Investigate and remediate your first open incident
What is a secret incident? What are its implications?
Secret incidents are open issues that need your attention to be resolved. They are created by our secrets detection engine that continuously scans your monitored repositories for hardcoded secrets and displays them in your GitGuardian dashboard.
Leaving a secret in plain text in source control represents a threat for the security of the resources that are protected by that secret. To learn more about why hardcoded secrets are a vulnerability that needs your Application or Product Security teams' attention, read the related paragraph in our Core Concepts section of Secrets Detection.
What are the occurrences of an incident?
The same secret can be seen multiple times in your VCS. They are referred to as occurrences.
GitGuardian streamlines the remediation process by automatically grouping multiple occurrences of the same secret into a single secret incident.
Thus, an occurrence of a secret incident is uniquely identified by the combination of the following parameters:
- the source (for instance: a GitHub repository or a GitLab project) impacted by the secret occurrence,
- the commit in which we detected the secret occurrence,
- the commit file containing the secret occurrence,
- the line within the commit file where the secret occurred.
Alerts are sent only when a new incident is created or reopened because of a regression. A new occurrence attached to an already-existing open secret incident won't raise any alerts.
GitGuardian sets a maximum limit of 1,000 occurrences for a single secret incident (this does not apply to the self-hosted platform).
What are the critical steps to remediating a compromised secret?
The most important step is to revoke the secret.
Once a secret is exposed, it should be considered compromised and potentially exploited by attackers.
But to prevent operational disruption, always assess the impact of a revocation first.
GitGuardian provides you with a lot of context and insights to assess the impact of the exposure, but more importantly, measure the impact of the revocation, thanks to the identification of the workloads using these credentials.
Recommended remediation workflow:
- Secure storage: Store the secret properly in a secret manager or secure vault.

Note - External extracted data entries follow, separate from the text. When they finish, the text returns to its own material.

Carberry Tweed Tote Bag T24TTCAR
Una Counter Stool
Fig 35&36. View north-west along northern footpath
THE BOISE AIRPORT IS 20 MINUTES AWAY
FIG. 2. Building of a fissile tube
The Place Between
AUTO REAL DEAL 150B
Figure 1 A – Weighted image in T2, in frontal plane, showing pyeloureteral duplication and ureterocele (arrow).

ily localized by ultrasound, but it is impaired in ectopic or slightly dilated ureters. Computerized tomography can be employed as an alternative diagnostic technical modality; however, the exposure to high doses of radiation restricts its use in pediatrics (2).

- Update code: Fix your application code to retrieve the secret from the secure storage location.
- Test and deploy: Perform non-regression testing, deploy to production, and monitor that your application works as expected.

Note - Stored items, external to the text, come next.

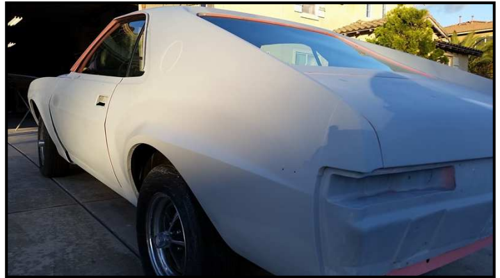
Block Sanded: Ready to paint?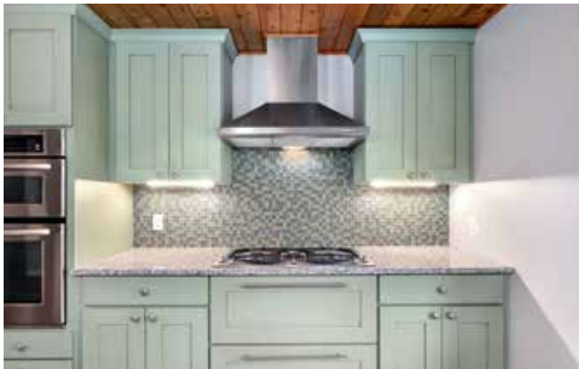
Lovely Green Cabinetry and Stainless Steel Vent Hood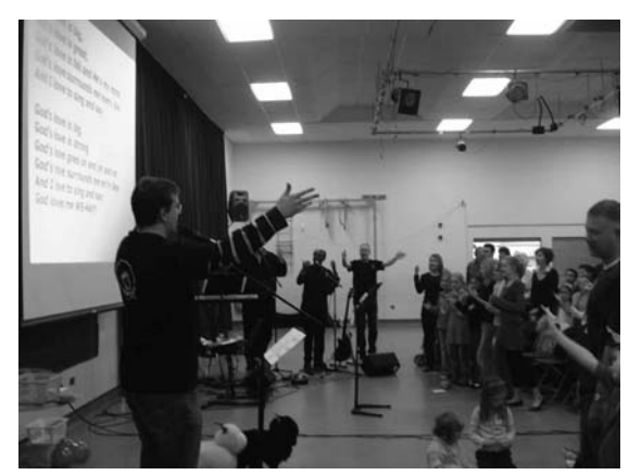
St Peters Family Service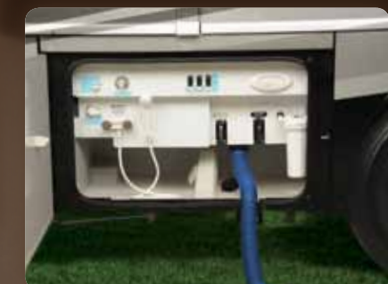
Exterior Service Center Color-coded labels make hookups a snap.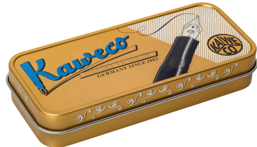
Nostalgic Tin (gold)

With each purchase of a Kaweco “metal” pen in a gift tin, the customer should receive: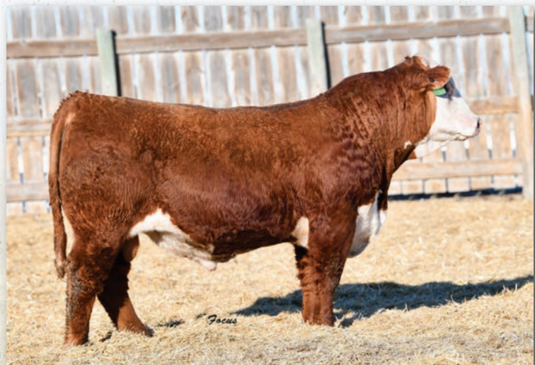
Lot 114 • ECR 3371 Dakota Reward 7411

• Big, long, growthy, polled bull • 125 WW ratio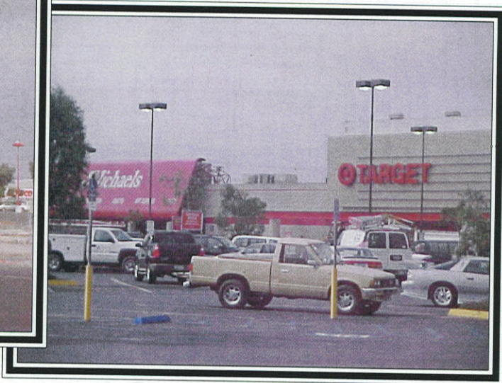
Depicts adjacent Target/Michaels anchored shopping center with reciprocal access and parking to Big Lots Shopping Center.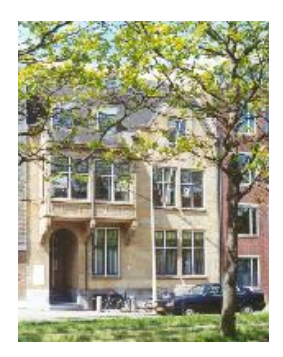
...Office of P.R.I.M.E. Finance...

Koninginnegracht 22 2514 AB The Hague The Netherlands T + 31 (0)70 8200 400 secretary@primefinancedisputes.org www.primefinancedisputes.org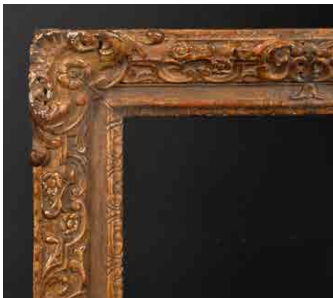
321. 20th Century European School A Carved Giltwood frame with swept and pierced centres and corners, rebate 30.5" x 15.5" (77.4 x 39.4cm) £60-£80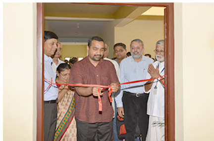
Inauguration of Kanchi Maha Periya Library

- Rotate and revoke: Generate new credentials, update them in your secret manager, and revoke/deactivate the compromised secret to ensure no attacker can access the involved service.
- Check for unauthorized access: Review logs to see if the secret was used maliciously, and proceed with mitigation process in case a breach is confirmed.
This approach ensures your systems remain operational throughout the remediation process while implementing secure secret management practices.
Detailed remediation guide:
For a comprehensive guide on collaborating with developers and setting up custom remediation workflows for your internal incidents, see: Remediate internal incidents
What if I don't have all the information I need?
Getting more context:
- Involve the developer who committed the secret - they have the most knowledge about what the secret accesses
- Check the detector documentation - Each secret type has specific revocation instructions
- Use the incident timeline - Review all related commits and files
Need help with the remediation process?
- Contact your security team if you don't have permission to revoke the secret
- Use GitGuardian's sharing features to collaborate with the right stakeholders
- Check our detector documentation for specific guidance on revoking different types of secrets
Prevention for the future:
Now that you've handled your first incident, consider implementing these preventive measures to catch secrets before they enter your repositories:
- Install GitGuardian CLI (ggshield) - Scan for secrets locally and in CI/CD pipelines before code is committed
- Set up pre-commit hooks - Automatically prevent secrets from being committed to your repositories
- Adopt secure secrets management practices - Use proper secret management solutions instead of hardcoding credentials.